Public Health Action: From 2016 through February of 2020, ASD evaluation and identification among the cohort of children aged 4 years was outpacing ASD evaluation and identification 4 years earlier (from 2012 until March 2016) among the cohort of children aged 8 years in 2020 . From 2016 to March 2020, ASD evaluation and identification among the cohort of children aged 4 years was outpacing that among children aged 8 years in 2020 from 2012 until March 2016. The disruptions in evaluation that coincided with the start of the COVID-19 pandemic and the increase in prevalence of suspected ASD in 2020 could have led to delays in ASD identification and interventions. Communities could evaluate the impact of these disruptions as children in affected cohorts age and consider strategies to mitigate service disruptions caused by future public health emergencies.

Introduction

Autism spectrum disorder (ASD) is a developmental disability characterized by deficits in social interaction or communication and the presence of restricted interests or repetitive behaviors. The American Academy of Pediatrics recommends that pediatric care providers screen all children for ASD at ages 18 and 24 months in addition to regular developmental surveillance.[1] Early developmental screening and receipt of services for children with ASD also are core national objectives for Healthy People 2030.[2] During early childhood, ongoing neurodevelopmental processes present the opportunity to optimize children's ability to develop language and social skills.[3–5] Early ASD identification is important to ensure children have access to services they might need to support development of these skills.

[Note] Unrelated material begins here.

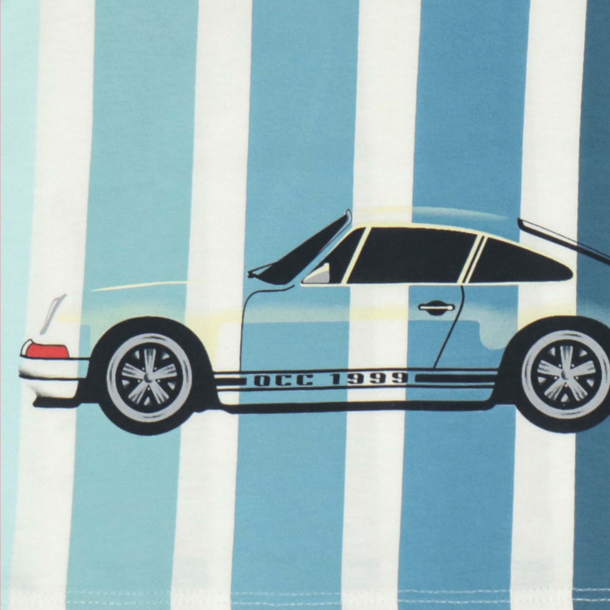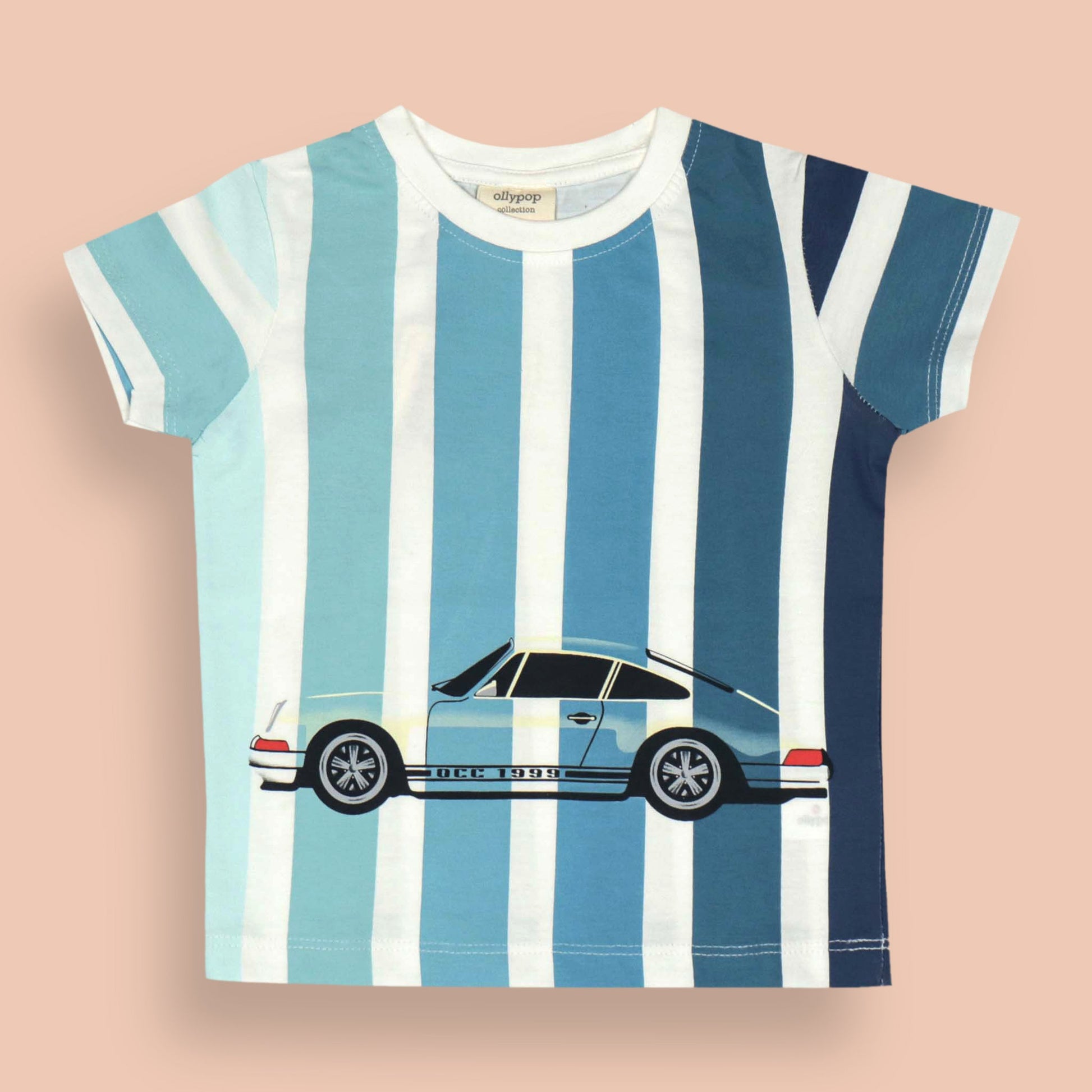 Ollypop Boys’ Striped Sinker Fabric T-Shirt – Light Blue, Half Sleeves, Car Print, Smart Outdoor & Sports Wear

The Autism and Developmental Disabilities Monitoring (ADDM) Network has reported biennial ASD estimates since 2000 and began tracking ASD identification among children aged 4 years in a subset of sites in 2010.[6] In 2018, surveillance among this age group expanded to the full ADDM Network. New patterns in ASD prevalence by race and ethnicity emerged, with children from groups with historically lower prevalence, including non-Hispanic Black and Hispanic children, and children in lower socioeconomic status (SES) neighborhoods having the highest prevalence.[7] Since 2016, comparisons with children aged 8 years have shown more early identification of ASD by age 48 months among younger cohorts.[7,8]

The 2020 surveillance year includes the COVID-19 pandemic declaration by the World Health Organization in March 2020 (https://www.who.int/europe/emergencies/situations/covid-19) and ensuing shutdowns in the United States. The Act Early Response to COVID-19 project performed a rapid needs assessment in 2020, surveying key partners from early childhood programs and systems in 43 U.S. states and territories. Overall, 91% of the 349 participants reported the COVID-19 pandemic had "highly impacted" early identification of children with developmental delays and disabilities.[9] Forty-eight percent of these participants reported during fall 2020 that the number of children served by early childhood programs and systems had decreased since the start of the pandemic. The ADDM Network is uniquely positioned to provide population-based measures that can show disruptions to timely evaluation and identification of ASD.

This report provides data on early ASD identification among children aged 4 years in 11 U.S. communities, including prevalence and characteristics of children with ASD and suspected ASD in 2020, and comparisons with children aged 8 years to show patterns in identification and emergence of possible impacts of the COVID-19 pandemic. These data can be used for ongoing monitoring of trends and to support efforts to ensure early and equitable identification of children with ASD.